Afinal, as imagens pensam ou não, são elas vivas ou não? Samain apresenta de um ponto de vista mais amplo, o raciocínio de Gregory Bateson. Para este estudioso da comunicação, “[...] o que pensa é o sistema na sua totalidade, engajado num processo de tentativa e erro, e que é composto do ‘homem’ mais seu ambiente [...]” (apud SAMAIN, 2012, p. 26). Parece que há aqui uma aproximação ao argumento de Aumont anteriormente apresentado. Talvez Bateson e Samain tenham deixado escapar a linha da distorção, da imaginação, que pode muito bem correr por fora dos limites da cultura e fazer proliferar por lugares não antes visitados.

Enquanto Samain se refere à imagem como um “grande jardim de arquivos vivos”, com Deleuze e Guattari (2014), poder-se-ia pensar as imagens como um agenciamento maquínico. Isto é, entendê-las como esse lugar de movimentos e de multiplicidade, de posições heterogêneas e de possibilidades, de arranjos, de negociações, de afetos, de traições, de desobediências produzidas por forças potencializadoras internas e externas que nunca cessam de criar conexões entre si e com outros agenciamentos (igrejas, estado, família, mídias, economia, etc.), cujos resultados podem ser imprevisíveis.

Uma tela, um filme ou uma fotografia, por exemplo, podem ser compreendidos como um agenciamento imagético que pertence, em última instância, ao mundo mas, quando “separados”, transformam-se imediatamente noutra multiplicidade – uma nova multiplicidade aparece –, porém conectada à anterior e a outros mais. Tais arranjos e conexões possibilitam “um mundo de criações” (SILVA, 2011, p. 11) capaz de desestabilizar continuamente o território e seus seres. “Sem chegar a ser um sujeito, a imagem é muito mais que um objeto: ela é o lugar de um

processo vivo, ela participa de um sistema de pensamento. A imagem é pensante [...]”, escreve Samain (2012, p. 31).

Deleuze e Guattari (1995) denominaram agenciamento coletivo cada ser ou cada conjunto de seres que está no todo, e vice-versa; uns afetando aos outros por graus de força que cada um disponibiliza para viver.
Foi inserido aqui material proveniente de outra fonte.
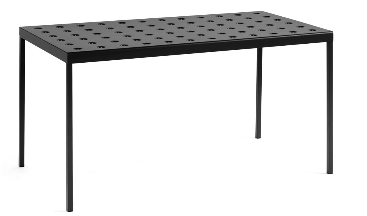 HAY Balcony Table er et elegant og funktionelt spisebord beregnet til udendørs brug. Bordets simple kantede design bliver blødgjort med de runde elementer i bordpladen og de minimalistiske ben. Spisebordet er lavet af pulveriseret stål der er yderst modstandsdygtigt og holdbart. Bordet findes i forskellige farver og størrelser, hvilket gør det fleksibelt i forhold til hvor det skal tages i brug henne.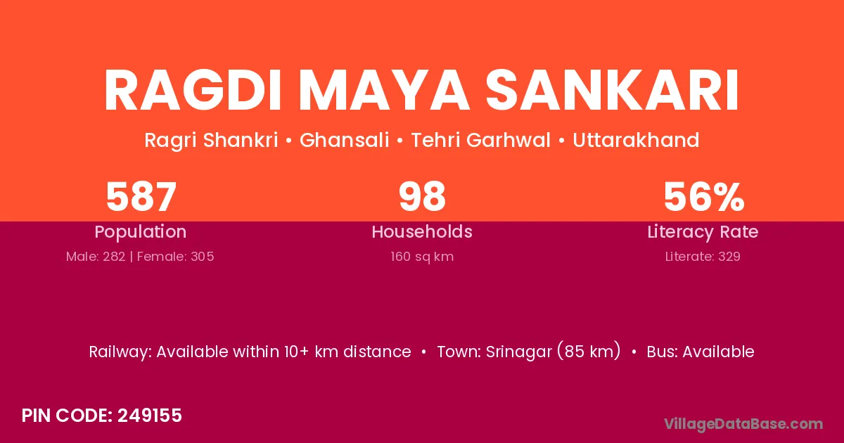 Srinagar (85 km) is the nearest town to Ragdi Maya Sankari village for major economic activities and is located approximately 85 km away.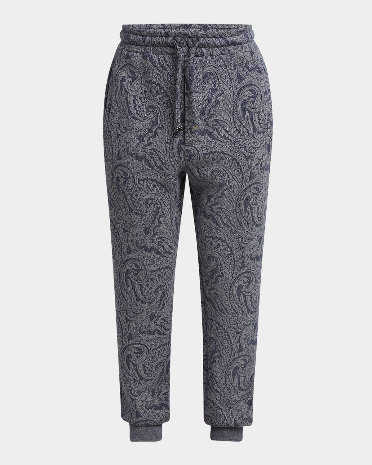 - Etro sweatpants showcasing an ornate paisley pattern for a subtle elegance - Regular rise - Side slip pockets - Back welt pocket with embroidered logo - Tapered legs - Ribbed cuffs - Drawstring waistband - Branded drawcord ends - Pull-on style - Viscose/nylon - Professional cleaning recommended - Made in Italy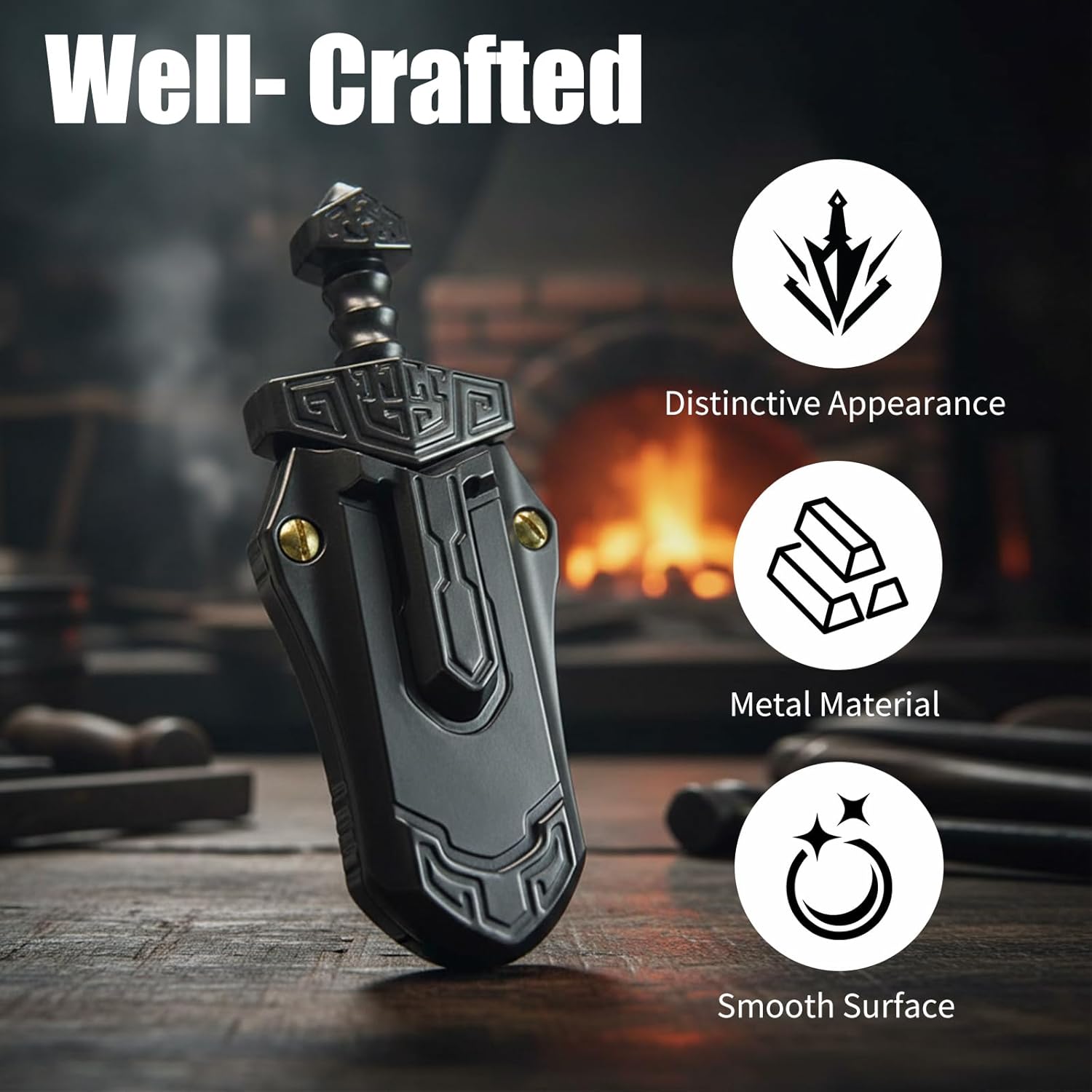 Stile spada cinese: questo giocattolo spada rilassante presenta un design a forma di spada e integra perfettamente l'estetica cinese. Il suo aspetto è lussuoso e dignitoso, e dà un'impressione imponente. Materiale di alta qualità: realizzato in acciaio inossidabile selezionato e lega di alluminio con bordi lisci, questo trasportino quotidiano è durevole. 【 Chiaro feedback acustico】emette un suono "click" durante l'apertura e la chiusura. Quando si utilizza il meccanismo caricato a molla, la lama è rivestita con una risonanza acuta simile a una forcella. Struttura meccanica: dotata di un preciso dispositivo meccanico: la lama della spada è dotata di una guida scorrevole a cinque canali e il fodero contiene due sfere in acciaio e una piastra a molla. Quando si spinge la lama, le sfere in acciaio vengono azionate dalla piastra a molla, scivolano lungo la guida e cadono nelle scanalature, creando sia il segnale sonoro che un feedback di vibrazione. Facile da trasportare: grazie alle sue dimensioni compatte, può essere facilmente riposto in tasca o in tasca. Il funzionamento silenzioso (inferiore a 15 decibel) lo rende un compagno ideale durante riunioni d'ufficio, lezioni in classe o in viaggio. Che tu sia un professionista di successo, uno studente o qualcuno che cerca la consapevolezza in una vita quotidiana frenetica, questo è un regalo estremamente creativo.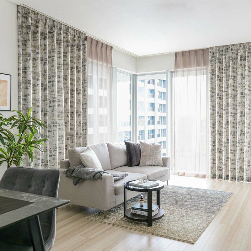 石目調のダイナミックなモダンカーテン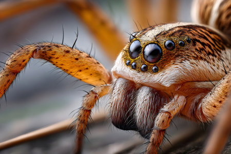 Detailed macro image of a spider focusing on its eyes and legs with a soft blurred backdrop. Generative AI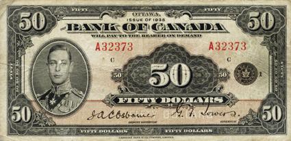 BANK OF CANADA. $50.00. 1935 Issue. English Text. Osborne. BC-13. No. A32373/C. PMG graded FINE-15.
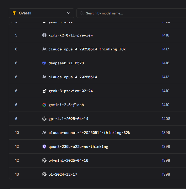 На LLMарене появилась очень умная загадочная модель под названием zenith, пользователи подозревают, что это GPT-5, уж слишком умна в логическом мышлении. Одновременно с этим, на другой арене, а именно на веб арене, появилась модель под названием lobster, и пользователи думают, что это тот же zenith, то есть GPT-5. Lobster кодит круче, чем o3-alpha-responses-2025-07-17 которую недавно тестировали на арене, и от которой все ссались кипятком. Ещё на LLMарене появилась модель summit, пользователи думают, что это может быть одна из вариаций GPT-5, так как мы уже знаем, что модельку выпустят в трёх вариантах: GPT-5, GPT-5-mini, и GPT-5-nano (и возможно GPT-5 Pro). Возможно OpenAI тестирует именно мини-версии своих моделей, так как по знаниям они ушли недалеко от GPT-4.5 и GPT-4.1, но по логическому мышлению zenith сейчас топ 1. Опять же, судя по отзывам юзеров. Так что относимся к этой инфе с осторожностью.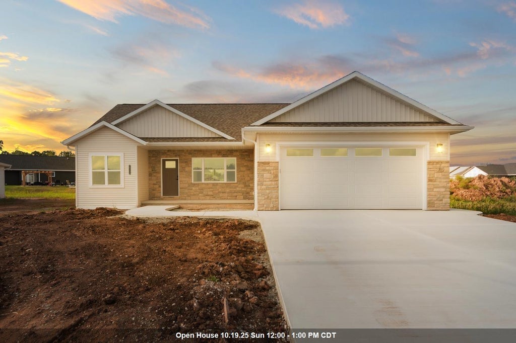 Stunning new construction in the sought-after Mystic Creek Subdivision in De Pere. This 4-bedroom ( 4 bedroom could be an office) 2.5-bath home showcases a stylish open-concept split-bedroom design with first-floor laundry and a convenient half bath. The kitchen offers a center island, soft-close cabinets, and patio doors off the dining area that open to a concrete patio—great for outdoor dining. The spacious primary suite features a dual-sink vanity, full bath, and large walk-in closet. A brick and vinyl exterior enhances curb appeal, while the lower level is stubbed for a full bath and includes an egress window for future expansion. Comfort, function, and quality throughout. SEEDED LAWN INCLUDED! One-year builder warranty.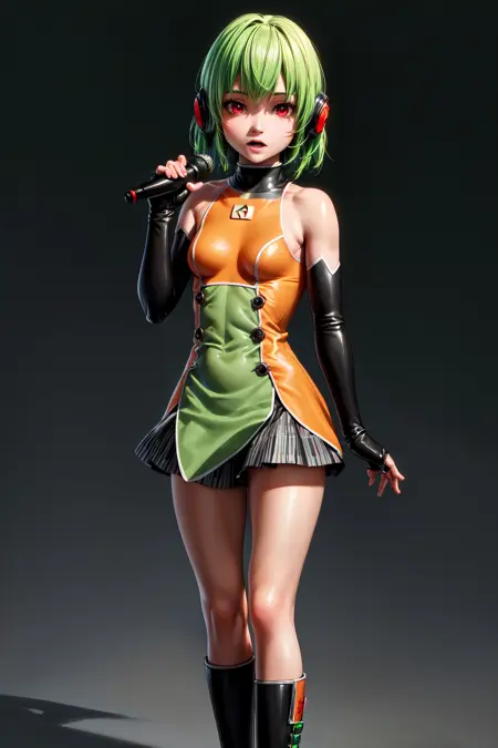 示例提示词:stsflchan, 1girl, (singing, holding microphone), sitting, full body, green hair, ahoge, short hair, elbow gloves, headphones, red eyes, [fingerless gloves, skirt, knee boots], looking at viewer, bare shoulders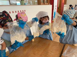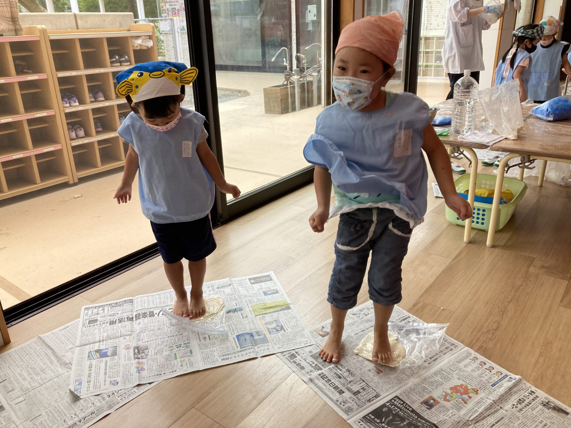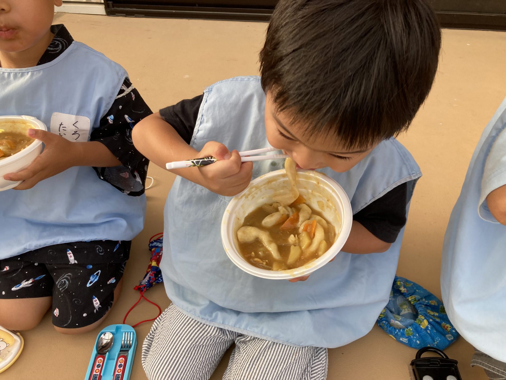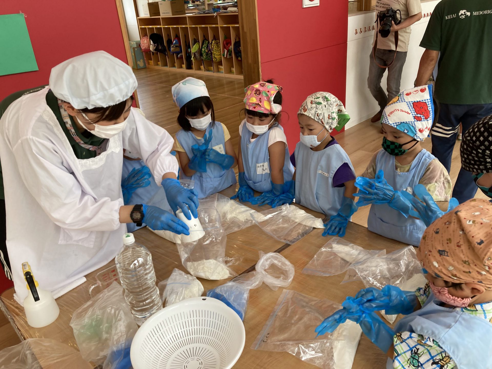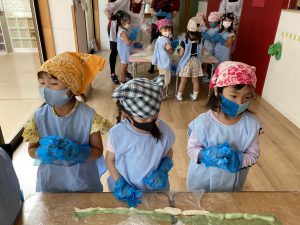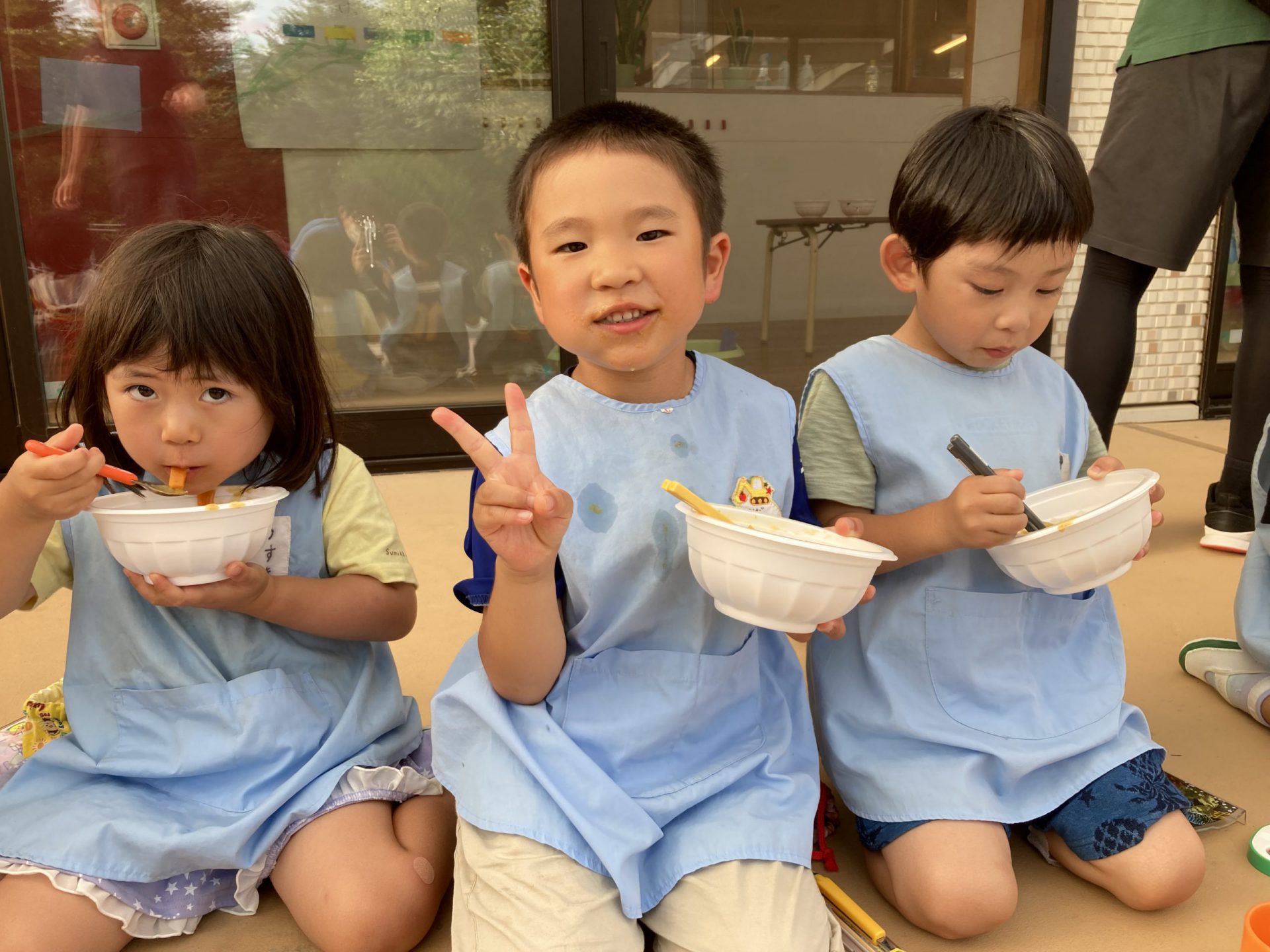 今年の年中さんは、うどん作りに、スイカ割り、キャンプファイヤーに花火を行いました。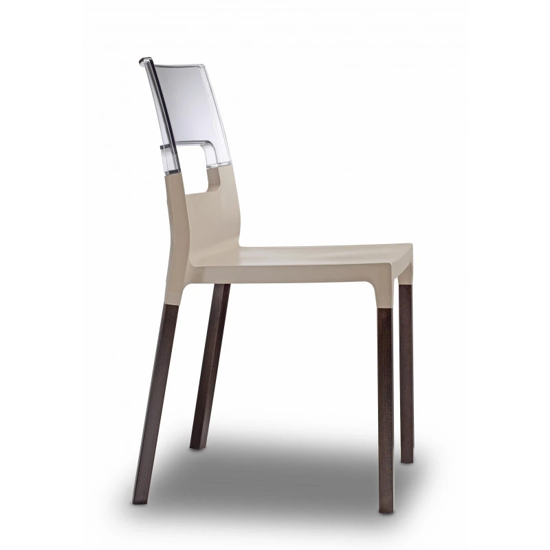 Pieds en bois de hêtre et assise super atypique avec une partie opaque et une partie translucide.

Isso corresponde tanto aos diálogos entre as imagens proposto por Samain quanto à noção de sobrevivência proposto por Warburg, conforme mencionado anteriormente. As cadeias imagéticas, assim constituídas de dados sígnicos em profusão, poderiam ser compreendidas também como um corpo sem órgãos – conceito precioso apresentado por Deleuze e Guattari (1995) para explicar esses tipos de territórios constituídos por multiplicidades ultraconectadas e disformes.

Imagens e pensamentos são, portanto, duas cabeças do mesmo corpo, que agem em sintonia mas não necessariamente em harmonia. Jogam o tempo todo para ver quem chegou primeiro e como uma dimensão pode modificar a outra, num contínuo processo de criação, deformação e transformação.